Restate the listing below word for word, omitting any images.

**RECORDED DATA**
════
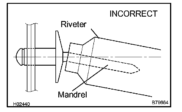 - Do not prize the riveter. The riveter will be damaged and the mandrel will bend.
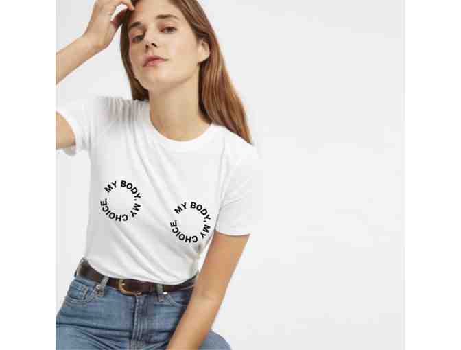 Description: Cotton, unisex fit shirt for gender neutral wear. Design aims to proclaim body autonomy and reproductive rights as a human right.
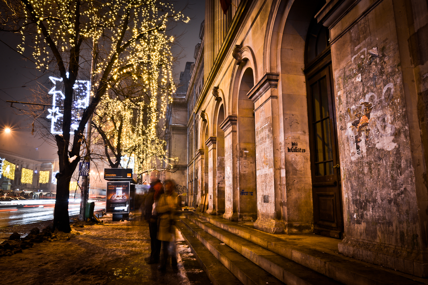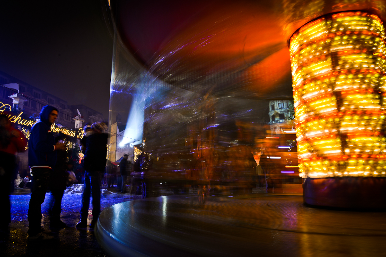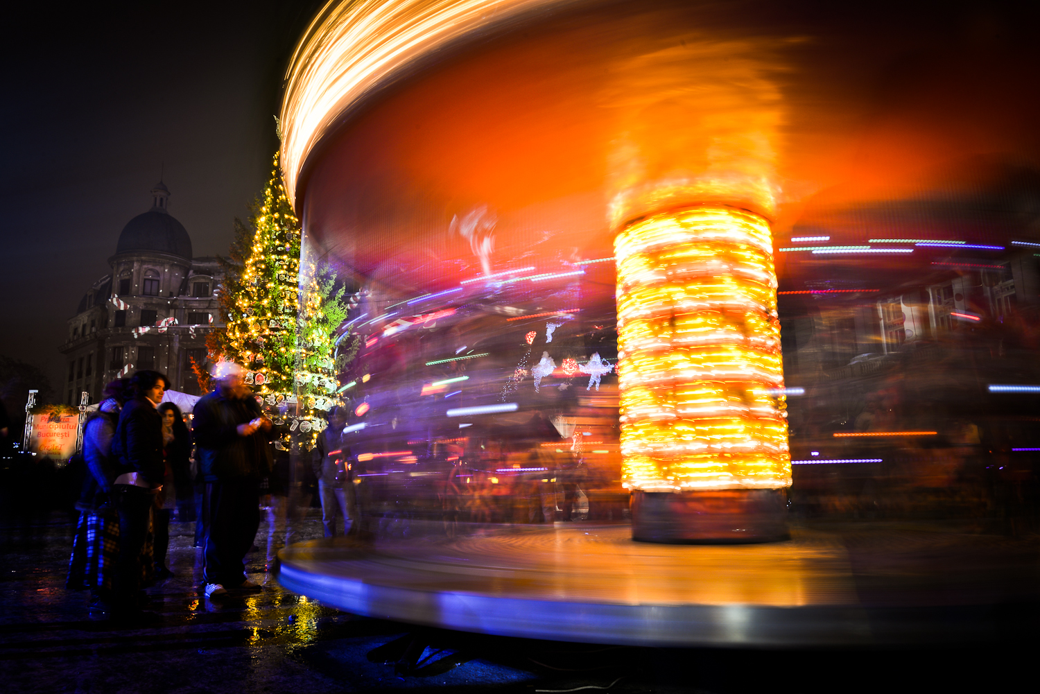 În seara aceasta am fotografiat târgul de Crăciun și zona Universității din București. Îmi doream de mult să fotografiez zona respectivă. Știu, știu că a fost fotografiată de foarte multe persoane. Dar am venit și eu cu perspectiva mea. Am observat că e foarte aglomerat târgul de Crăciun și parcă, nu știu, prea concentrat pe clișee și lucruri clasice regăsite peste tot. Înafară de câteva standuri care sunt, într-un fel sau altul, autentice, nu prea ai ce să vezi.
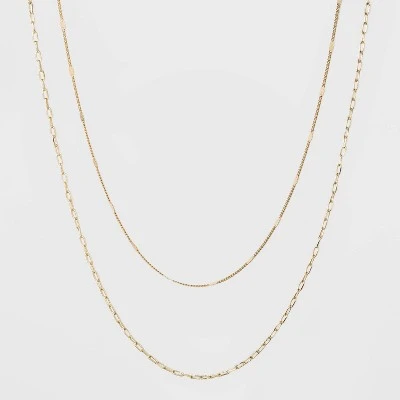 You’ll love the simple elegance of this Gold-Tone Station Chain Necklace Set from A New Dayâ„¢. This double chain necklace set is comprised of one delicate station chain in a shorter length alongside a longer paper-clip chain that looks great on its own or with the addition of some of your favorite charms. Each chain is rendered in a high-polish yellow gold-tone finish for a warm glow, and the slightly different lengths complement each other perfectly when worn together in a layered look. Each necklace closes with a lobster clasp for secure wear, so you can style them with confidence no matter the occasion.
════
**TASK ANSWER**
 - Do not prize the riveter. The riveter will be damaged and the mandrel will bend.
 Description: Cotton, unisex fit shirt for gender neutral wear. Design aims to proclaim body autonomy and reproductive rights as a human right.
 În seara aceasta am fotografiat târgul de Crăciun și zona Universității din București. Îmi doream de mult să fotografiez zona respectivă. Știu, știu că a fost fotografiată de foarte multe persoane. Dar am venit și eu cu perspectiva mea. Am observat că e foarte aglomerat târgul de Crăciun și parcă, nu știu, prea concentrat pe clișee și lucruri clasice regăsite peste tot. Înafară de câteva standuri care sunt, într-un fel sau altul, autentice, nu prea ai ce să vezi.
 You’ll love the simple elegance of this Gold-Tone Station Chain Necklace Set from A New Dayâ„¢. This double chain necklace set is comprised of one delicate station chain in a shorter length alongside a longer paper-clip chain that looks great on its own or with the addition of some of your favorite charms. Each chain is rendered in a high-polish yellow gold-tone finish for a warm glow, and the slightly different lengths complement each other perfectly when worn together in a layered look. Each necklace closes with a lobster clasp for secure wear, so you can style them with confidence no matter the occasion.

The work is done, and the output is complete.